Instrumentation as code
Developers typically have the best mental model of how an application is
meant to behave in production. It therefore makes sense to make
instrumentation an integral part of the software development process.
Given that developers can create targeted instrumentation in the
application code itself, instrumentation becomes a required deliverable
for every new feature or fix. When writing new code, the developer is able
to form a hypothesis about its behavior in production; the measurements
placed in the code are a means for the developer to prove or disprove
their hypothesis.
Single source of truth
Metrics collected during operations should be stored in a common
repository, in a common format, and with a common interface for
visualization, alerting, and analysis. This allows developers or
operations staff to easily correlate metrics between systems and across
all layers of the application stack.
The metrics platform must be timely, comprehensive, and intuitive so that
everyone instinctively relies on it as their preferred resource to reason
about the production environment.
Alert on observations
An effective metrics-driven development process allows for alerts to
trigger based on metric values. This allows developers and operations
staff to effectively target affected systems by honing in on metrics
showing signs of problems. Once isolated, the same set of metrics can
confirm that any response has successfully resolved the issue.

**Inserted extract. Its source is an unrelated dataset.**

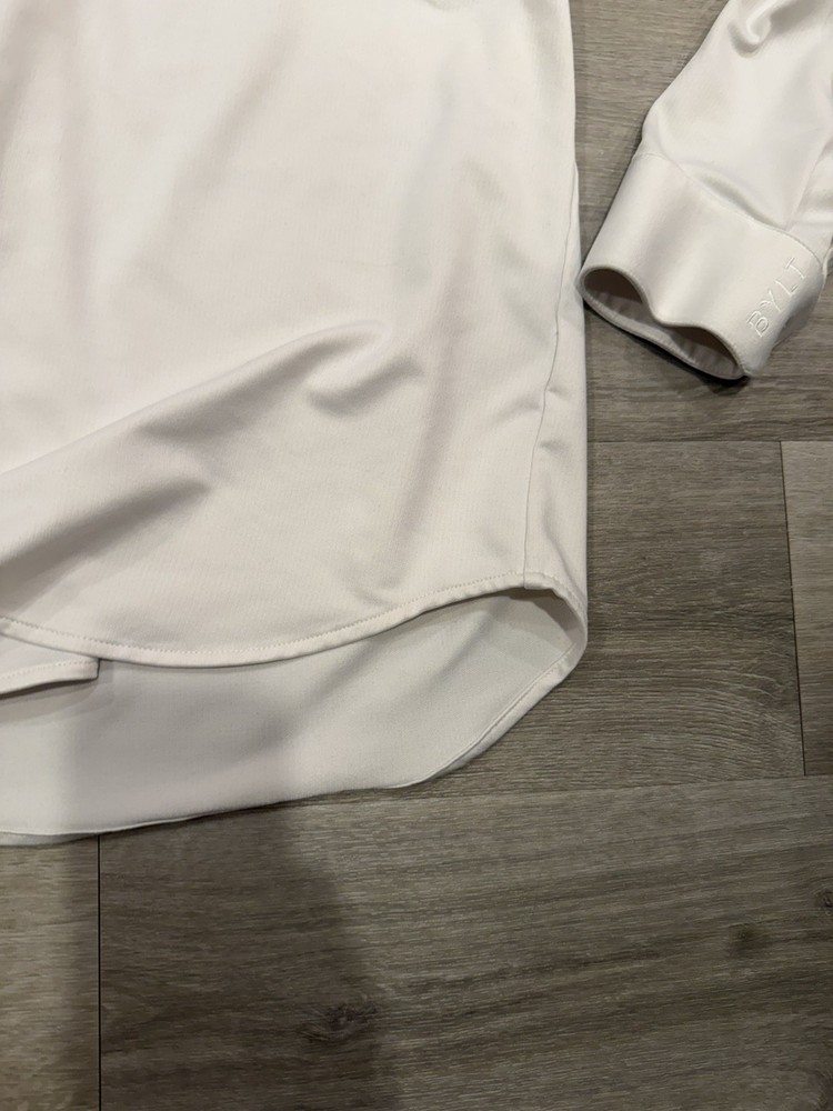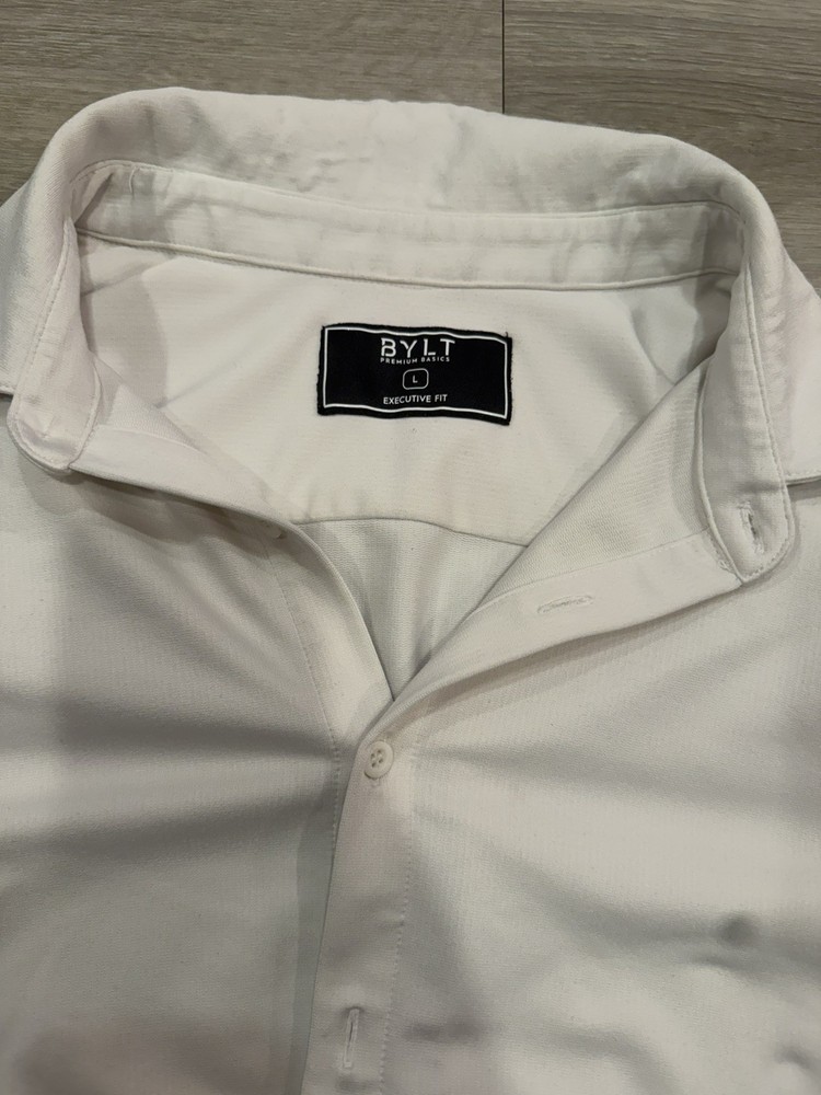 BYLT Basics Premium Executive Stretch Long Sleeve Button Down Shirt in a clean white colorway. Designed for modern professionals, this shirt delivers a polished, tailored look with performance stretch fabric that keeps you comfortable all day. The Executive Stretch fabric offers lightweight breathability, moisture-wicking properties, and a smooth, wrinkle-resistant finish. Ideal for office wear, business casual, formal settings, or date nights. Designed to look sharp whether worn tucked or untucked. Features: • Premium Executive Stretch fabric • 4-way stretch for comfort and mobility • Moisture & sweat-wicking • Stay-cool breathable technology • Wrinkle-resistant / easy care • Executive Fit (tailored, modern silhouette) • Can be worn tucked or untucked • Button-down long sleeve design ⸻ Condition: Pre-owned in very good condition. No holes or stains observed. Light natural wear with minor marks consistent with normal use. Please review all photos for exact condition and color tone. ⸻ Item Specifics: • Brand: BYLT Basics • Style: Executive Stretch Long Sleeve Button Down • Size: Men’s Large • Fit: Executive Fit / True to Size • Color: White • Sleeve Length: Long Sleeve • Fabric Type: Stretch Performance Fabric • Material: 91% Polyester, 9% Spandex • Occasion: Work, Business, Formal, Office, Date Night • Pattern: Solid • Closure: Button • Care: Machine Wash Cold, Tumble Dry Low ⸻ BYLT Basics shirt, executive fit shirt, mens white button down, stretch dress shirt men, wrinkle free dress shirt, business casual mens shirt, office wear men, formal shirt men, premium basics shirt, modern fit button down

It’s critical that alerts are triggered off of the same dataset used for
visualization since disparate systems introduce the potential confusion
and error. Any lack of certainty during incident response adds additional
stress and increases the likelihood of human error.
Use the scientific method
By deploying a change and measuring its effects, developers and operations
gain confidence that any software change is reliable, performant, and
affects the metric of interest, confirming any hypothesis.
Now, how do we follow the principles and practices outlined here? By using
the Metrics-Driven Development Process using the OODA
loop, devised by John
Boyd.
The phrase OODA loop refers to the decision cycle of observe, orient,
decide, and act, developed by military strategist and United States Air
Force Colonel John Boyd. Boyd applied the concept to the combat operations
process, often at the strategic level in military operations. It is now
also often applied to understand commercial operations and learning
processes. The approach favors agility over raw power in dealing with
human opponents in any endeavor.
The following example of the OODA loop is adapted from Coda Hale’s
Metrics, Metrics Everywhere talk.
Observe
All decisions are based on observations of an evolving situation.
You have a question:
What is the 99% latency of our autocomplete service right now?
You look at current measurements:
~500ms
Orient
During the orientation phase, we examine how an observation relates to our
previous experiences.
You have a question:
How does this compare to other parts of our system, both currently and historically?
You look at historical metrics:
It’s way slower.
Decide
Given the observation and our experience, we can decide on the next action
to take.
You have a question:
Should we make the autocomplete service faster? Or should we add a new
feature?
You now have the knowledge to make an informed decision:
Let’s make it faster.
Act
You’ve made a decision, now act. Write some code, deploy it, and measure
the results.
Repeat the loop.
By using the metrics-driven development process you improve the mental
model of the code so that you can make better decisions. Adopting MDD
allows you to monitor metrics for current problems, aggregate them for
historical perspective, and ultimately use our improved mental model to
generate more business value.